Too little description about baseline methods.
Due to the page limitation, we provided a concrete description of them in the supplementary material. Here we revise to provide a brief classification and description of the baseline methods.
(i). Our method surpasses Roboflamingo [26], 3D Diffusor Actor [75], OpenVLA [1], RoboDual [101], UNIVLA [103], Robovlm [32], GR1 [100], which directly projects the RGB/depth image to action signals as shown in Fig. 1(a) in the manuscripts.
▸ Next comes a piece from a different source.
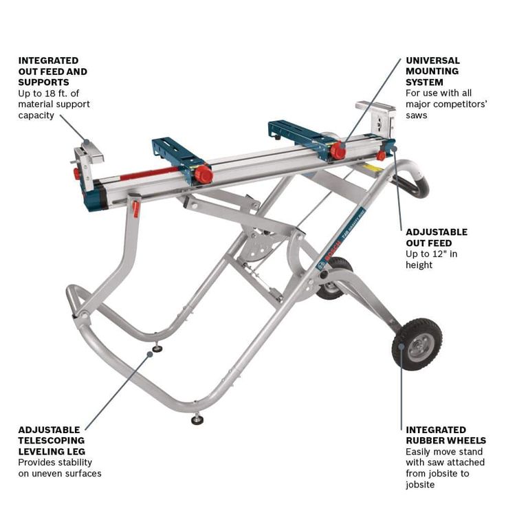 • T4B: integrated rubber wheels easily move stand with saw attached from jobsite to jobsite

(ii). Compared to methods that use a copilot model to generate sub-goal images as input, like Susie [99] and CLOVER [102] as shown in Fig. 1(b) in manuscripts, our model significantly achieves more accurate control.
(iii). DreamVLA outperforms approaches like UP-VLA [42], Seer [41], and VPP [40] as shown in Fig. 1(c) in manuscripts, which merge whole sub-goal image foresight into one VLA to take benefits from a more integrated design and joint optimization.
The analysis of experiments.
1 Failure-Mode Shift
| Failure category | Typical baseline error | Baseline freq. | DreamVLA freq. |
|---|---|---|---|
| Perception (mis-grasp, occlusion) | Gripper closes on distractor; depth under-estimates target | 57 % | 18 % ↓ |
| High-level reasoning (stall in long chain) | Policy stops after task 3 | 29 % | 10 % ↓ |
Analysis: DreamVLA eliminates most perception- and planning-related mistakes; the few remaining errors are low-level motor slips, confirming that the predicted dynamic, depth and semantic cues effectively close the perception–reasoning gap.
2 Task Length Matters
| Methods | Task 1 | Task 2 | Task 3 | Task 4 | Task 5 |
|---|---|---|---|---|---|
| Seer [41] | 96.3 | 91.6 | 86.1 | 80.3 | 74.0 |
| DreamVLA (ours) | 98.0 | 94.3 | 89.7 | 84.5 | 78.6 |
| Δ | +1.7 | +2.7 | +3.6 | +4.2 | +4.6 |
Analysis: The advantage grows with horizon length—tasks 4-5 involve long-term spatial reasoning, where comprehensive knowledge offers more gain on long-horizon tasks. We analyze that there are three reasons:
(i). Predicts dynamic-region masks for future frames, so the Transformer keeps explicit attention on pixels that will move, rather than re-detecting them each step.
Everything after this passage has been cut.